The Kenyan exporter says its avocado business saw a major dowturn in profits last year
Kenyan avocado exporter Kakuzi has reported a pre-tax loss of Ksh167mn (€1.2mn) for 2024.
The firm blamed the poor result on various challenges including disruption to its shipping routes, a strengthening of the Kenyan shilling against the US dollar, a fall in export volumes, and adverse weather conditions.
In contrast, the firm posted a Ksh455.6mn (€3.26mn) net profit in 2023 and an even better result of Kshs845.8mn (€6.06mn) in 2022.
According to the company, the strengthening of the Kenyan shilling resulted in additional foreign exchange losses of Ksh197mn (€1.41mn) against its US dollar holdings, compared with foreign exchange gains of Ksh118mn (€0.85mn) in 2023.
Kakuzi managing director Chris Flowers said the only alternative shipping route from Kilindini, around the Cape of Good Hope in South Africa, added a further two weeks to the shipping times, which significantly continued to impact the quality of fruits arriving in Europe.
He added that the company’s avocado profits had decreased to Ksh361mn (€2.59mn), down from Ksh1.37bn (€9.81bn) posted in the previous year, and that lower, weather-affected avocado yields meant exports closed at 2.22mn cartons, down from 3.07mn cartons in 2023.
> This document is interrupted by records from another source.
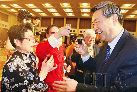 李从军向著名老艺术家夏菊花、贾作光、于洋(左起)祝酒。中国文联网 康伟/摄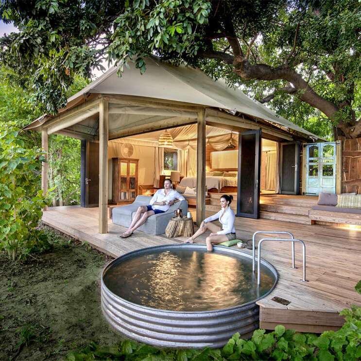Der Hauptbereich liegt direkt am Rande des Flussufers und bietet eine offene "Boma" (Feuerstelle), Infinity-Pool und eine kleine Bibliothek (WLAN). Zur Entspannung stehen darüber hinaus ein Fitnessraum und ein Spa-Bereich zur Verfügung. Verbringen Sie den Abend mit einem erfrischenden Sundowner-Drink, während Sie den herrlichen afrikanischen Sonnenuntergang beobachten, und tauschen Sie am Feuer in der gemütlichen Boma Geschichten über Ihre Safari aus, bevor Sie ein afrikanisch inspiriertes Feinschmeckermenü geniessen.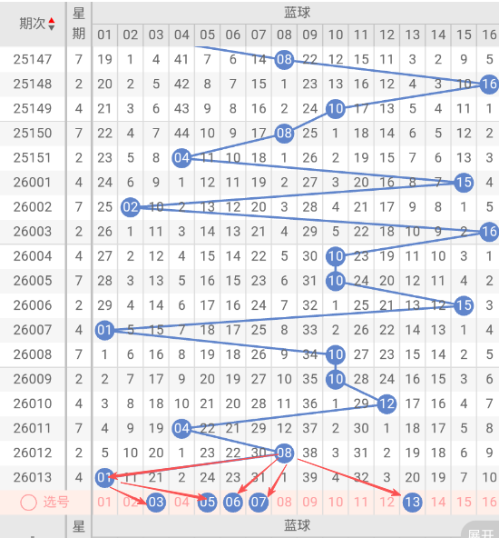 根据走势图近10期的走势看,蓝球在151期开出04蓝球之后,1大1小4大1小3大3小,再看下近10期的蓝球中冷码有回补的趋势,这种趋势规律本期判断极有可能开出单号,本期防蓝球10双号,蓝球本期重点关注03,05,06,07.13

“The results reflect a number of challenges, including the excessive rainfall experienced in early 2024, which caused waterlogging, hampering fruit production. Consequently, fruit volumes for both Hass and Pinkerton avocados decreased by 23 per cent and 19 per cent, respectively,” Flowers said.
He added: “The Kenya shilling also strengthened by 15 per cent against the euro, which averaged Ksh140 during the avocado export season, resulting in lower shilling revenues compared to the previous year when the euro averaged Ksh162.”
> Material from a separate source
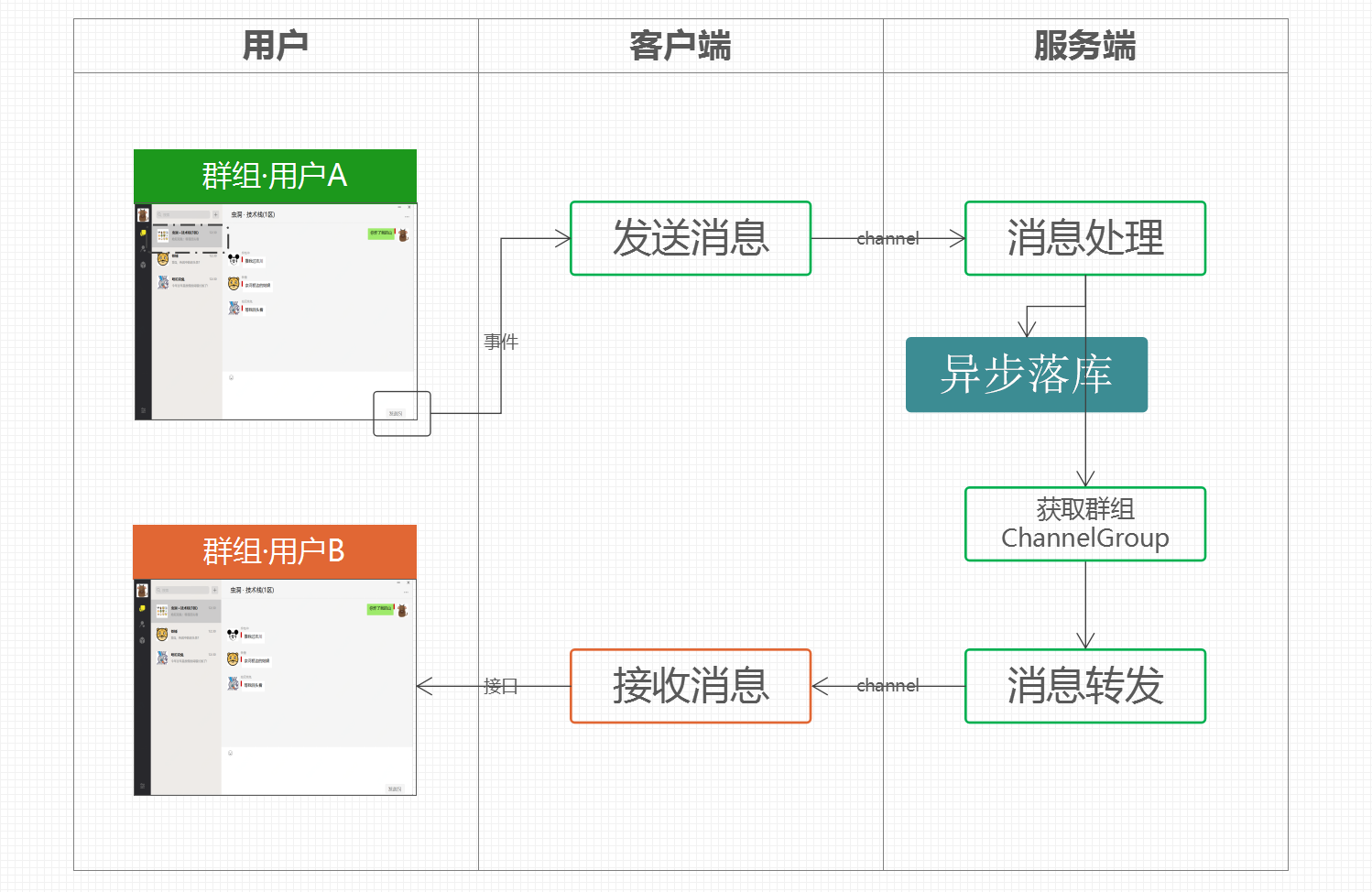 • 当然这里同样需要将群组的消息进行异步落库,保存群组的聊天记录。聊天记录这些信息在我们设计开发用户登录后,都会进行从数据库初始化展示到聊天面板中。

Kakuzi’s macadamia division fared better, posting a pre-tax profit of Ksh69mn (€490,000) in 2024, compared with a Ksh354mn (€2.54mn) loss in the previous year. Likewise, its forestry and livestock division posted a higher profit.
Flowers said the group had “activated mitigation strategies” to reduce the impact of logistical challenges by adapting to the longer delivery lead times. “Whilst we hope that the geopolitical tension in the Middle East will ease, we must plan to continue with the rerouted logistics in 2025, and Kakuzi is doing all it can to focus on delivering quality products to the company’s customers,” he said.
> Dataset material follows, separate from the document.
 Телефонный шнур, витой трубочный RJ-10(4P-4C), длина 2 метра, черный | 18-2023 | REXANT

Kakuzi chairman Nicholas Ng’ang’a noted: “To reduce our dependency on European markets, it is essential for both public and private stakeholders in Kenya’s avocado sector to explore high-value new markets. While China and India hold potential, their current demand is still relatively low compared to Europe’s. As the largest consumer of avocados globally, the North American region must be considered a future target for Kenya’s exports.”
He continued: “In 2024, the US consumed 1.3mn metric tonnes of avocados, compared to 0.9mn metric tonnes in Europe, with over 80 per cent of its avocados sourced from Mexico. The North American market presents a significant opportunity for Kenya.”
He stressed that Kakuzi would continue to use agricultural technology solutions to maximise yields.